Sono tante le canzoni di Natale che si imparano sin dalle scuole materne nel nostro paese, ma la più popolare per ogni italiano è quasi certamente “Tu scendi dalle stelle”. È una canzone così famosa e amata che praticamente nessuno, indipendentemente dalla religione o dalla religiosità, può non conoscerla – almeno la sua melodia e le sue prime parole. Tuttavia, non molti di noi hanno familiarità con la sua storia e ancora meno conoscono la bellezza e la poesia dei suoi testi.
Nonostante sia una canzone così popolare, le sue origini non sono propriamente “popolari”. Ha una paternità definita e una datazione precisa: fu scritta nel 1754 da Alfonsus Maria de ‘Liguori, che sarebbe stato proclamato santo dalla Chiesa cattolica romana e, successivamente, dottore della Chiesa.
Tu Scendi Dalle Stelle, le origini e la storia
Quando si pensa ai dottori della Chiesa la prima immagine che viene in mente è quella di teologi dall’aspetto piuttosto severo: eppure, questa canzone è un capolavoro di poesia, creatività, preghiera e persino senso dell’umorismo. Infatti, “Tu scendi dalle stelle” è il titolo italiano di una canzone originariamente scritta in dialetto napoletano. Sant’Alfonso scrisse questo lunghissimo poema in napoletano: scegliendo la lingua del popolo, voleva parlare alla gente semplice, simile ai pastori di Betlemme, ma, allo stesso tempo, aveva a sua disposizione una lingua affascinante, con cui è stato in grado di esprimere le verità religiose e la bellezza letteraria in modo estremamente toccante.
I testi narrano la famosa storia della nascita di Cristo, ma con tocchi di immagini creative, dettagli esilaranti e momenti profondamente spirituali. “Quando il bambino è nato a Betlemme“, inizia, “era notte, e tuttavia sembrava mezzogiorno“. Il paragone della nascita di Cristo a una luce che brilla nelle tenebre è un riferimento biblico, che allude all’inizio del Vangelo di San Giovanni. La natura, per sant’Alfonso, era meravigliata e stupita dalla nascita del Salvatore: gli uccelli, scrive, cantavano “in un modo completamente nuovo“, ma “anche i grilli, cinguettando, saltellavano avanti e indietro, dicendo: nasce, Colui che ci ha creato ”.
Tu scendi dalle stelle, o Re del cielo, e vieni in una grotta al freddo e al gelo.
O Bambino mio divino, io ti vedo qui tremar, o Dio beato! Ah quanto ti costò l’avermi amato!
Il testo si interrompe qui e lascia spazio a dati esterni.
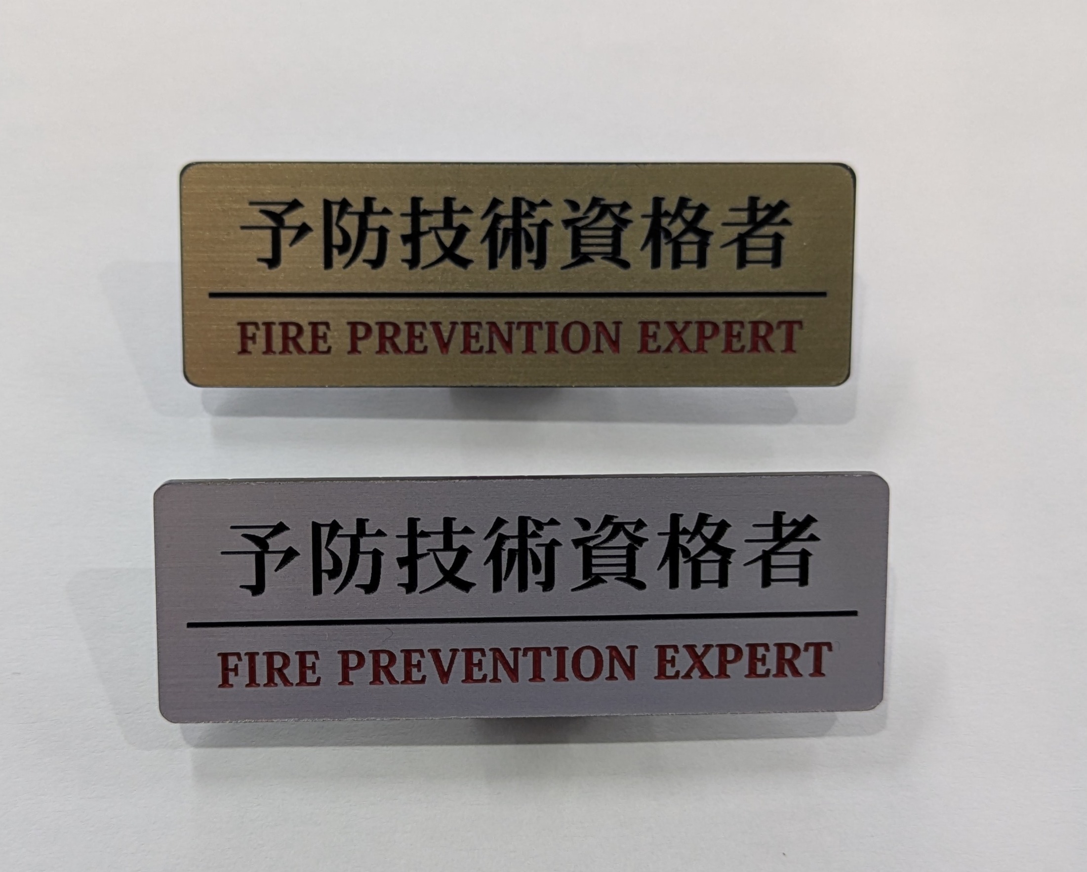 当消防本部においては、予防技術資格者プレートは予防技術資格者の「防火査察」「消防用設備等」「危険物」の認定区分数に応じて変わり、1区分の認定からは「銀章」を交付し、3区分すべての認定を受けた場合は「金章」を交付しております。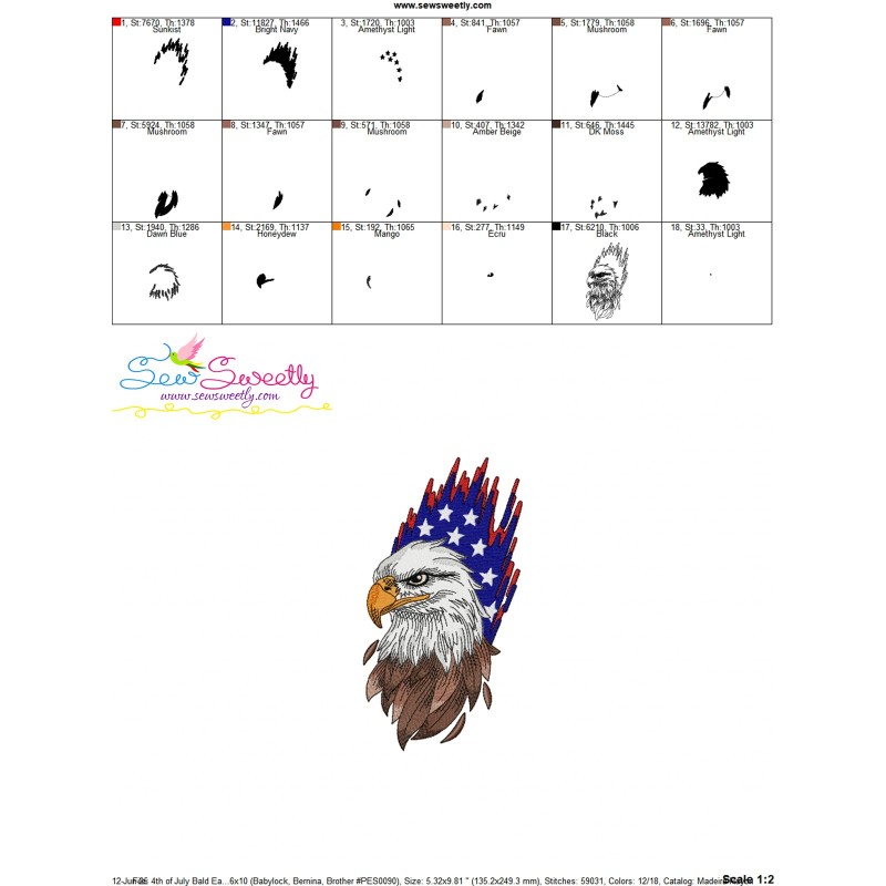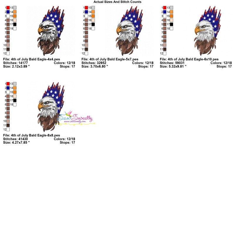 4th of July Bald Eagle Exclusive Machine Embroidery Design Pattern.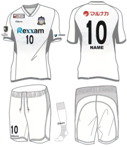 アウェイユニフォームは瀬戸内海の大小の島々をイメージし、横線でチームとサポーターとの繋がりを表現。地域の特徴が色濃いデザインを採用している。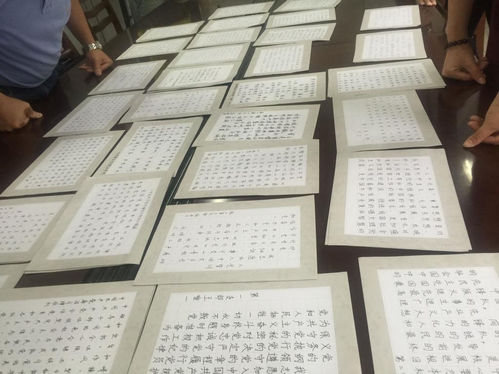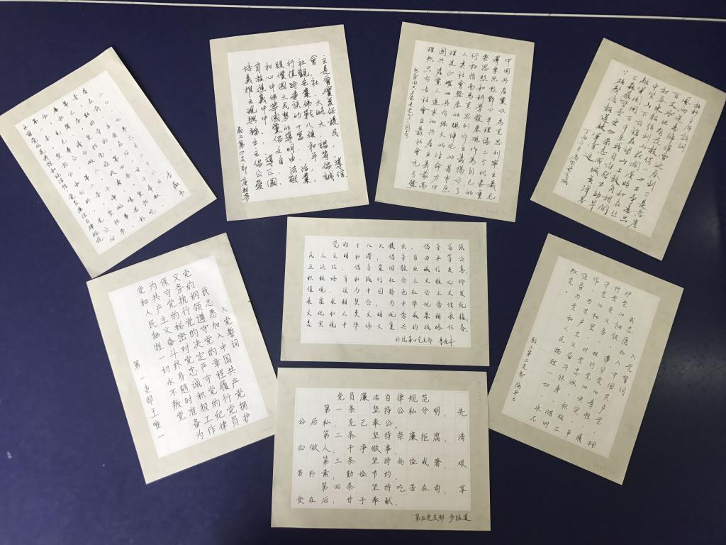 英语教工支部为了组织好此次活动,从前期酝酿,到过程实施和后期评奖,都做了精心设计和安排。在书法写作内容上,鲁俊丰和杨雪梅两位支部书记专门为五个支部分别设计了入党誓词、党章、社会主义核心价值观、廉政纪律准则以及爱国诗词等五个主题内容。党员们通过一次次练习书写,重温入党初心,牢记纪律准则,强化党员意识,抒发爱国热情,铭记作为一名共产党员的职责与荣誉。本次大赛党员教师参与热情高,参与率超过90%,活动激发了全体党员为人民服务的热情,有效增强了av在线 党组织的凝聚力。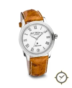 Eine Dress-Uhr mit einem 31.5mm Gehäuse im Vintage-Stil gefertigt aus Edelstahl mit einem Zifferblatt in weiß und einer besonderen "enamel"-Oberfläche.
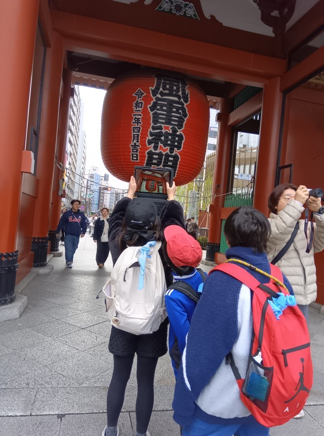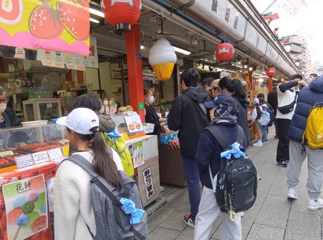 浅草寺の境内や仲見世通りの様子をグループごとに楽しそうに見学していました。お店の様子を写真に撮る際には店員さんに承諾を取り、撮影していました。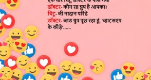 बॉयफ्रेंड को गर्लफ्रेंड की बनाई पनीर की सब्जी में पनीर ढूंढने से भी नहीं मिल रहा था बॉयफ्रेंड ने हिम्मत करके पूछा तो गर्लफ्रेंड बोली- चुपचाप खा लो, सब्जी का नाम ही ‘खोया पनीर’ है…😆🤣🤣🤣🤣😝😝😝 ************************************************************************************* मरीज- डॉक्टर साहब, क्या आपको यकीन है कि मुझे मलेरिया ही है? दरअसल मैंने एक मरीज के बारे में पढ़ा था कि डॉक्टर उसका …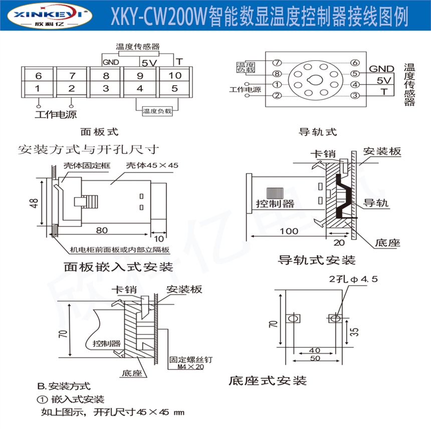 XKY-CW200W数显温度控制器主要用于中高压开关柜、端子箱、环网柜、箱变等设备内部温度调节控制。可有效防止因低温、高温造成的设备故障以及受潮或结露引起的爬电、闪络事故的发生。该系列产品抗干扰能力强,可靠性高。温度控制器带有一路温度传感器,随时监测被测环境内部的温度变化,并可通过设定方式对小环境内的温度进行自动控制。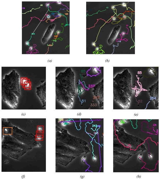 After employing motion information for matching, we opted for a cascaded matching algorithm in our tracking process. The purpose of this approach is to temporarily retain trajectories that have lost tracking, enabling them to be further tracked when the target reappears in the field of view. This method records the time t when a trajectory loses tracking and matches trajectories with the same loss time t to detection boxes on the same level. Trajectories with shorter loss times t are given higher priority for matching, while trajectories with are abandoned. We considered that, with increasing t, the predictive reliability of trajectories gradually decreases. Hence, in the distance weighting, we linearly decrease the weight of distance a from 0.8 to 0. Additionally, as t increases, the distance threshold for cell movement should also increase. Under the conditions of two-dimensional Brownian motion, the displacement of cells within a time interval follows a normal distribution with . Setting the distance threshold to the reference distance of Brownian motion is one of the main improvements of our algorithm. We calculate the diffusion coefficient for the current time based on the statistics of all cells in the previous three frames and set the distance threshold to . As show in Figure 6b, we can see that, after employing Distance Cascade Matching, we are able to effectively track fast-moving targets.

A te, che sei del mondo il Creatore, mancano panni e fuoco, o mio Signore.
Caro eletto pargoletto, quanto questa povertà più m’innamora, giacché ti fece amor povero ancora.
Tu lasci il bel gioir del divin seno, per venire a penar su questo fieno.
Dolce amore del mio core, dove amor ti trasportò? O Gesù mio, perché tanto patir? Per amor mio!
Ma se fu tuo voler il tuo patire, perché vuoi pianger poi, perché vagire?
Sposo mio, amato Dio, mio Gesù, t’intendo sì! Ah, mio Signore! Tu piangi non per duol, ma per amore.
Tu piangi per vederti da me ingrato dopo sì grande amor, sì poco amato!
O diletto del mio petto, se già un tempo fu così, or te sol bramo Caro non pianger più, ch’io t’amo e t’amo.
Tu dormi, Ninno mio, ma intanto il core non dorme, no ma veglia a tutte l’ore
Deh, mio bello e puro Agnello a che pensi? dimmi tu. O amore immenso, “un dì morir per te”, rispondi, “io penso”.
Dunque a morire per me, tu pensi, o Dio ed altro, fuor di te, amar poss’io?
O Maria, speranza mia, s’io poc’amo il tuo Gesù, non ti sdegnare amalo tu per me, s’io nol so amare!